Kate Mulgrew is still a lovely woman with a commanding presence, but I'd be lying if I said I was either a fan of her or of Voyager. But it was still an interesting conversation, and after Patrick Stewart, Shatner seemed to have the best chemistry with her, even though she admitted that before she took on the role as Captain Janeway she hadn't heard of William Shatner. They talked a lot about the theater and in trying to raise a family while forging an acting career. Interesting topics to be sure, but not ones I really cared about. But then again, I have no real affection for Voyager so the site of her doesn't fill me with awe as the other captains do.

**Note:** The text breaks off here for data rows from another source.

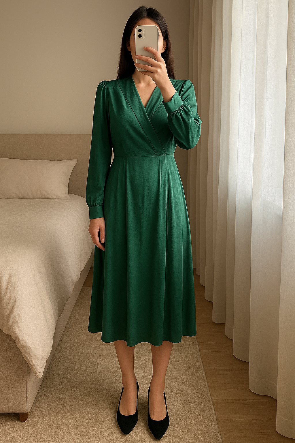Robe vert satin debout, face à la caméra, dans une chambre à la lumière douce, avec une lumière naturelle filtrant par la fenêtre.
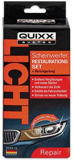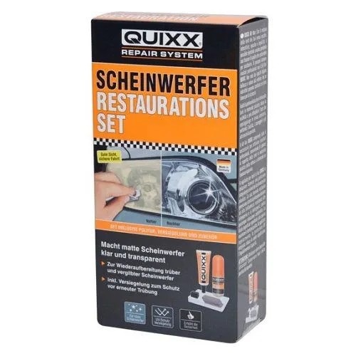 Zestaw do renowacji reflektorów firmy QUIXX usuwa zażółcenia, matowe obszary, lekkie zadrapania i zapewnia przejrzyste soczewki reflektorów. Zwiększa bezpieczeństwo jazdy dzięki doskonałemu oświetleniu, a tym samym umożliwia lepsze widzenie i bycie widzianym. Poprawia wygląd, a tym samym zapewnia utrzymanie wartości.
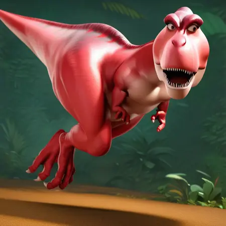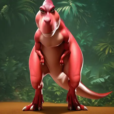 dinosaur, tyrannosaurus rex, red skin, black eyes, thick tail, claws,
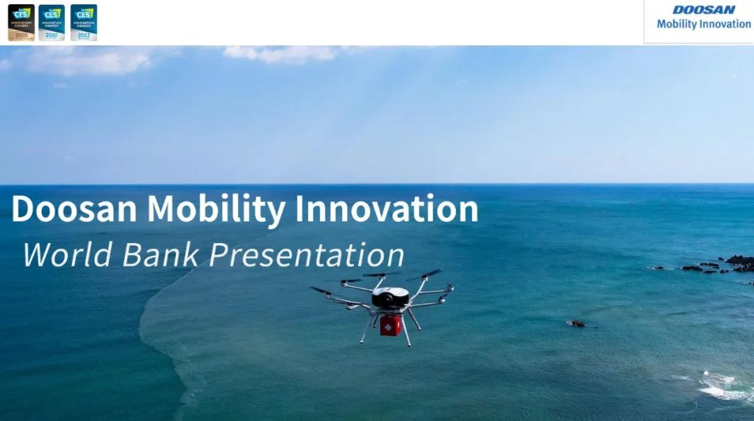 斗山创新近期参加了世界银行主办的无人机应用论坛,并在论坛中发表了"基于长续航氢动力无人机的海洋应用"。
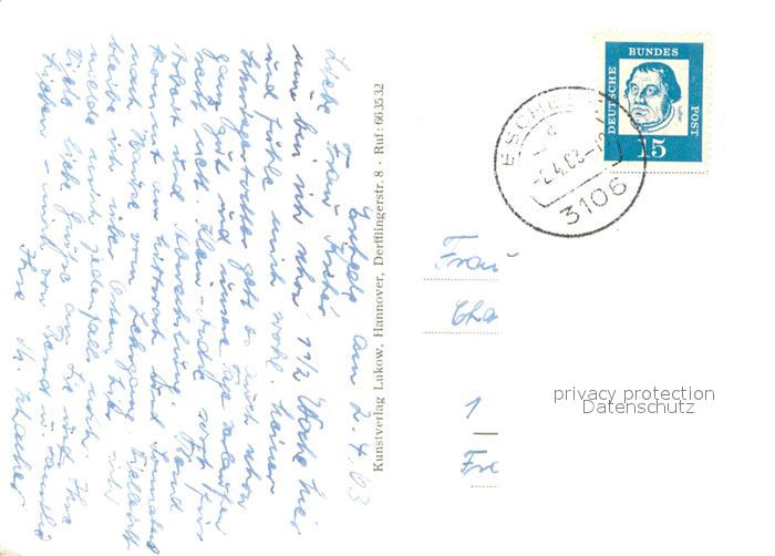 73743678 alte Postkarte Eschede Kirche Schule Hotel Drei Linden Aschauteich Aschaupartien Landhaus Schelploh Badeanstalt postalisch gelaufen Erhaltung siehe scans [WerneD78] KatCode: 11110003351009
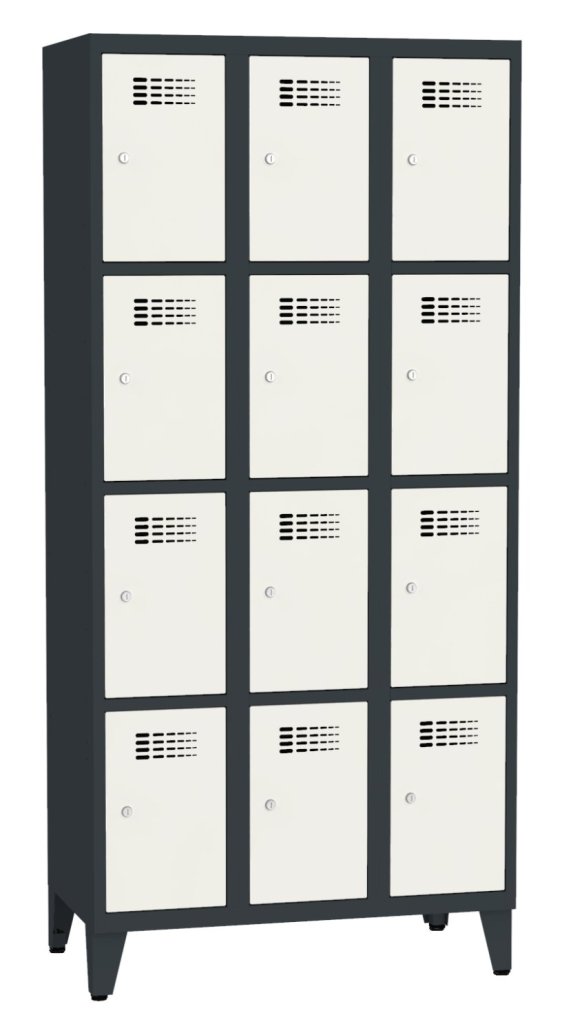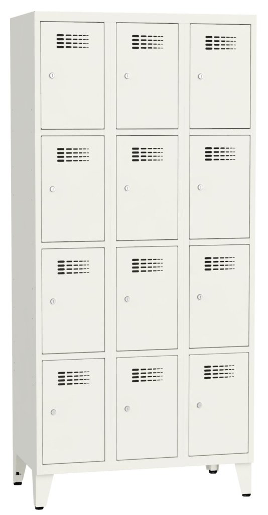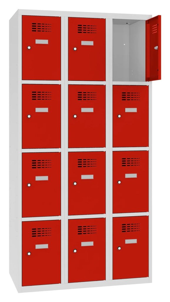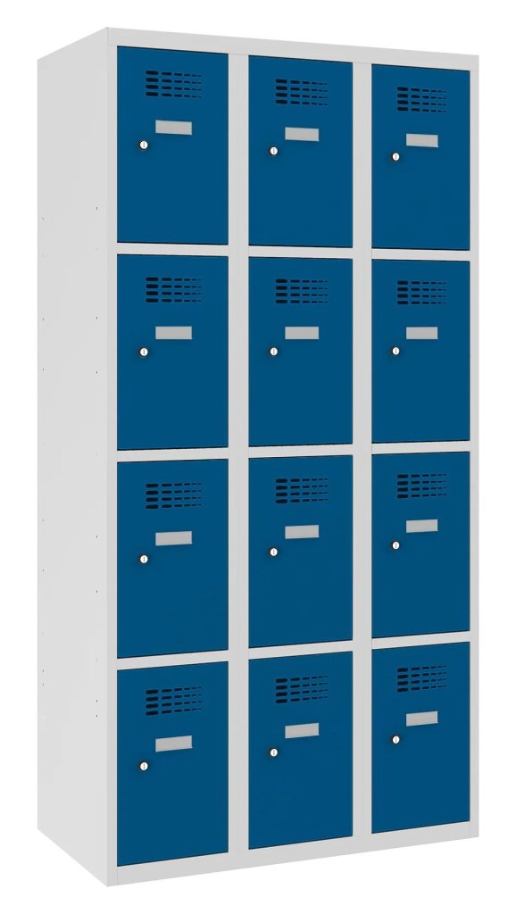 Dvanáctidverová šatníková kovová skrinka so zváranou konštrukciou a moderným dizajnom ventilačného systému. Výška 1800 x šírka 900 x hĺbka 500 mm. Na dverách samolepiaci štítok na meno. 16 farebných odtieňo. Rôzne druhy zamykanie.

And then there's Avery Brooks, who is my pick for the greatest actor to ever sit in the Captain's chair, which is an opinion that has gotten me a lot of flack, but almost always from people who never actually watched Deep Space Nine in its entirety and saw just what he did with that character over his seven year run. Anyway... Avery Brooks is a crazy person. He was completely incoherent, rambling, and insane. I literally didn't understand a single thing that came out of his mouth during this entire film. Sometimes he didn't even answer Shatner's questions with words, but with music, since his interview was filmed sitting in front of a piano. I seriously can't express in words just how weird this interview was, and it just has to be seen to be understood... but even then you won't understand it. It was incredibly entertaining, though, and even though he's a nut, he still seems like a kind soul. But the acting William Shatner did pretending to understand what Avery Brooks was saying is among the finest in his entire career, and he should get some kind of honorary Oscar or something.
If I have any complaint at all about the film, it's that the conversations weren't so much about Star Trek as they were acting and even life in general. That's fine, since the conversations were fun and interesting and enthralling, but I'm a Trekkie so I want every conversation at all times to be about Star Trek. Honestly, I don't really care about Scott Bakula's (or anybody's for that matter) theories on what happens after we die. I'd much rather hear his thoughts on, say, what he considers the main strengths and failings of his Star Trek series. And since the film also has brief clips of other Trek actors giving their opinions of their respective captains, I think there was a bit of a missed opportunity by not talking to more actors who played various captains during the run of every series and film. I think it would've been cool to see Shatner talk to, say, Ronnie Cox about his appearance as Captain Jelico, Picar's replacement during the two-parter Chain of Command, or even George Takei on how he approached the role of Captain during Star Trek VI.
But other than those small nitpicks, this is a really fun movie that I thoroughly enjoyed from start to finish. It's funny, insightful, thought provoking, and even profoundly moving. There is one scene where William Shatner meets a trekkie who was some kind of paraplegic confined to a wheelchair who could only move his eyes and I'd be lying if I said that moment didn't make me cry. If you're a Star Trek fan, it's a must see, and since it's on Netflix Instant there's no reason not to go watch it right now. You'll be glad you did.